If you reside outside of a swing state, you may almost forget that there is a tumultuous US election taking place if you really try. However, if you live inside one, it’s hard to escape the reality.
Lawn signs. Billboards. Text messages. So many text messages. In the seven battleground states that will determine the US election, political ads are ubiquitous, constantly bombarding the public. The White House race is omnipresent.
As one of the closest presidential elections in recent memory nears its conclusion, Kamala Harris and Donald Trump are crisscrossing the country to make their final appeals to voters in the swing states.

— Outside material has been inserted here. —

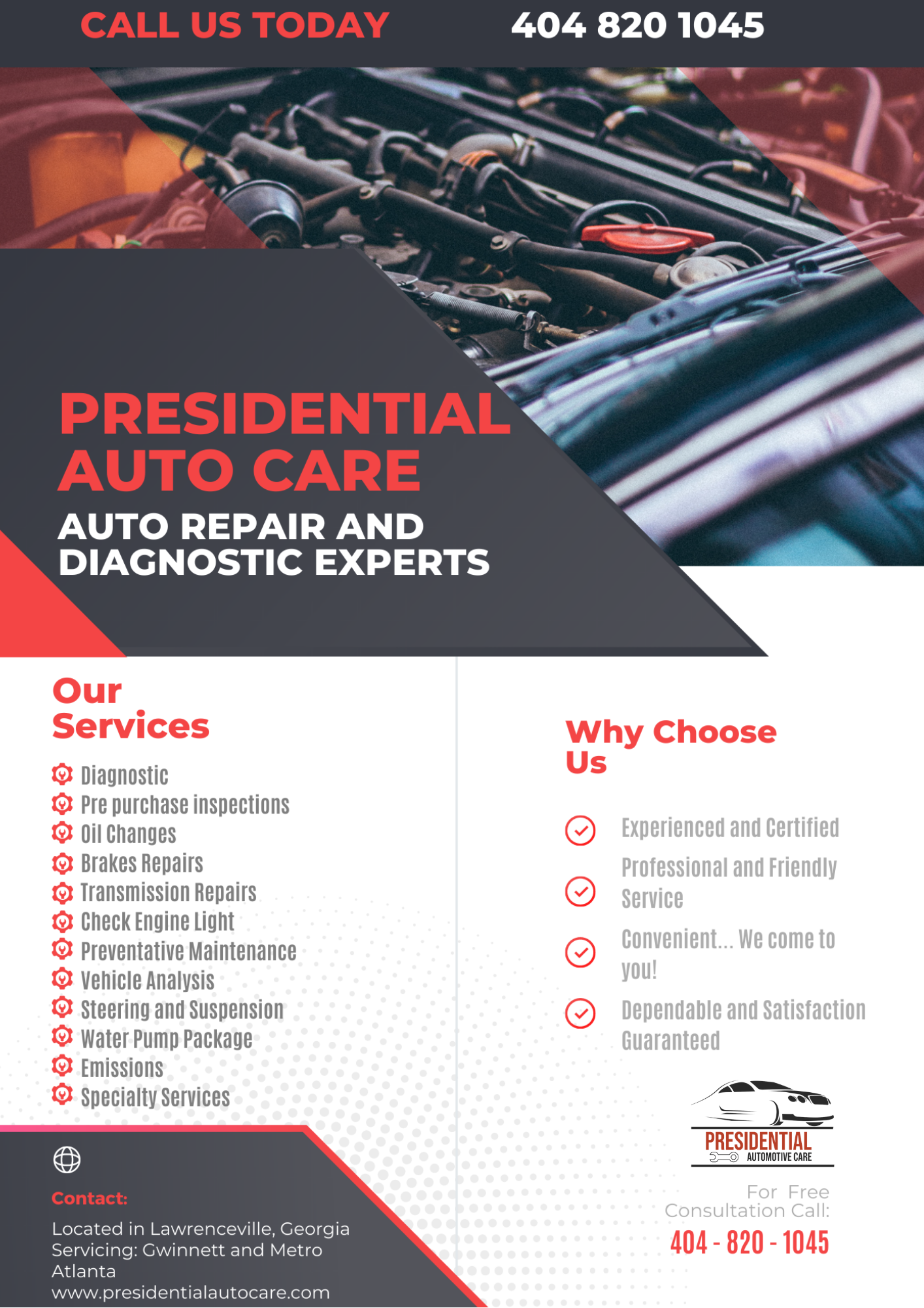 Presidential Auto Care LLC is a mobile mechanic and auto repair service. We come to you at your location at a time of your convenience to take care of your automotive needs. Stranded? Tired of taking time out of your busy schedule? We bring the mechanic shop to you! Our vast expertise enables us to handle it all – diagnostics, preventative maintenance, pre-purchase inspections, electrical systems, minor and major repairs.

Their campaigns are active 24/7. While some individuals in other parts of the US can tune out the frenzy, voters in Arizona, Georgia, Michigan, Nevada, North Carolina, Pennsylvania, and Wisconsin are being inundated with some of the most sophisticated and targeted messaging and advertising in political history.
And some of that messaging is quite blunt.
Classic campaign placards are displayed on lawns, in windows, and along roads, along with television ads saturating the airwaves.
Additionally, digital ads, particularly on social media, and a constant flow of personalized text messages urging donations and reminding people to vote on November 5th, or earlier, have been added to the campaigns’ arsenal.
The 2024 election is on track to be the most expensive ever, with the majority of funds allocated to advertising.
The Harris campaign and its affiliated committees have invested over $1.1 billion in advertising, nearly double the $602 million spent by the Trump campaign and its aligned committees, according to the FT’s ad tracker.
The swing states that will determine the outcome have received $1.36 billion of the combined spending by the two campaigns. The largest portion, $373.5 million, has been allocated to Pennsylvania, considered the most crucial battleground state.
“I think everyone is just ready for it to be over,” said Tracee Malik, a real estate agent from the Pittsburgh area. “Pretty much the only commercials that we have now are the political commercials.”
Harris’s most-aired TV spots have focused on her background as a prosecutor and from the middle class, her defense of reproductive rights, and the claim that Trump only cares about the wealthy. Other ads portray her rival as “too unstable to lead.”
Trump’s most-aired ads have centered around the economy, blaming Harris and President Joe Biden’s economic agenda for the high cost of living. However, his most frequently broadcasted ad attacks the vice president for supporting gender-affirming care for prison inmates, telling voters: “Kamala’s agenda is they/them, not you.”
In Pennsylvania, Arizona, and Nevada, Trump’s ads also criticize Harris on immigration, while in Georgia and North Carolina, pro-Harris ads focus on abortion rights.
Is the barrage of ads effective? It remains uncertain.